The increasing number of graduates in China and IC companies’ shrinking hiring plans may make it a cruel spring recruitment season for job applicants, a JW Insight report said on January 28.

The number of university graduates is expected to reach 11.58 million in 2023, 820,000 more compared with the 10.76 million in 2022, according to China’s Ministry of Education and Ministry of Human Resources and Social Security (MOHRSS) in a conference on the employment and entrepreneurship of the 2023 graduates held in last November.

The severe employment situation spills over into 2023. 51job (前程无忧), a leading online recruitment company, found the semiconductor industry was most obvious in cutting hiring plans, after talks with the recruiters of 100 companies.

At the same time, the requirements for applicants will be higher than before. Several IC companies told JW Insights they would continue to recruit in spring, but did not reveal the scale, or implicitly stated that they would narrow their plans.

Some IC companies that are in their expansion cycle choose to expand recruitment. Lisuan Technology (砺算科技), a high-performance GPU developer, has a strong demand for talent. The online application will be open at the beginning of February, for engineers in digital IC design, IC verification, GPU architecture modeling, GPU software development, and embedded development.

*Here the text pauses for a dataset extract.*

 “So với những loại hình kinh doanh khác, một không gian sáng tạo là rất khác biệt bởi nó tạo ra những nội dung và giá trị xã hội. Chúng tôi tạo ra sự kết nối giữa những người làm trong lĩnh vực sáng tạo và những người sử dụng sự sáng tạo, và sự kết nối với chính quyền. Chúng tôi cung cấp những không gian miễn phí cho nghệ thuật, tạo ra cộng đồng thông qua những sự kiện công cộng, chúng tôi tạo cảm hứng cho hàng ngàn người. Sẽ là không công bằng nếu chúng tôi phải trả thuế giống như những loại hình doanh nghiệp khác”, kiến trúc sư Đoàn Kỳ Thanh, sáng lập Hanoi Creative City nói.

In January 2023, the MOHRSS released the top 100 most in-demand occupations in the fourth quarter of 2022 in China. Among them, chipmaking employees ranked 49th, and semiconductor discrete devices and integrated circuits assembly employees ranked 76th, up 38 places and six places respectively than the previous quarter.

By 2024, the IC talent gap in China may be as high as 220,000, of which the design sector will reach around 120,000.

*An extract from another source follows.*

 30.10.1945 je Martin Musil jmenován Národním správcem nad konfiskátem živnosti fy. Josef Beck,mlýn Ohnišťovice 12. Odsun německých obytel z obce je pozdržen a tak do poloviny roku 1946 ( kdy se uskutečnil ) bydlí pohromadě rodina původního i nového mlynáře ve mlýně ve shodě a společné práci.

Companies’ lacking talents and graduates’ difficulty in finding jobs coexist. The number of graduates hitting new highs year after year with insufficient work experience and professional skills. Although emerging industries including IC, AI, and new energy are still facing talent shortages, the increasing employment number and the overwhelming hiring costs for employers still pose considerable challenges for graduates.

"We lack both leading talents, and general engineers and technicians. The main reason is that our IC talent training system does not adapt to the development of the industry,” said Wei Shaojun, the vice president of the China Semiconductor Industry Association (CSIA) and president of ICCAD in his last December speech.

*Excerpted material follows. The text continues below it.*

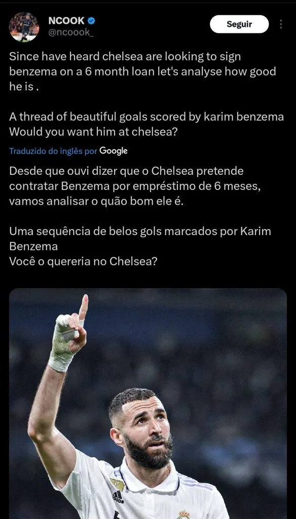 A princípio, o Chelsea pretende ofertar pelo empréstimo do francês sem a opção de compra fixada. Benzema se mostra disposto a vestir as cores dos Blues, e quer deixar a Arábia Saudita ainda nesta janela.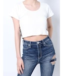【トップス】前はシンプルですが、レオパード柄のリボンが目を惹くようなデザインになっているトップスです❤︎また、ネックの形もスクエア型に近いUネックなので、大人っぽいような、きれいめ系の印象になります❤︎ハイウエストのパンツと合わせるとお腹が隠れるくらいの丈感です!【ボトムス】GYDAと言ったら、このデザインというデニムパンツです✨大胆なダメージがセクシーで女性らしく、ジェイダにしかないデザインです❤︎細見え効果抜群です❤︎

Meanwhile, the geographical allocation of talent needs to be optimized. Currently, China’s IC industry is mainly concentrated in the Yangtze River Delta, the Pearl River Delta, the Beijing-Tianjin-Hebei region, and some provinces and cities in the central and eastern regions. However, the megacities represented by Beijing and Shanghai are home to most of the high-quality universities, and companies in other regions suffer from the lack of talent.

JW Insights' Career Department has been preparing for the spring job fairs for IC companies. “Judging from the resumes collected in 2022 autumn, both the quantity and quality have increased in the past two years, reflecting the high pressure for graduates. Due to the early arrival of the Chinese New Year and adjusted pandemic control policies, the spring recruitment in 2023 is expected to be earlier,” said the JW Insights report.

In addition, companies tend to be more interested in students with scientific research achievements or rich internship experience as they tend to reduce costs to increase benefits amid the downturn in the global semiconductor market.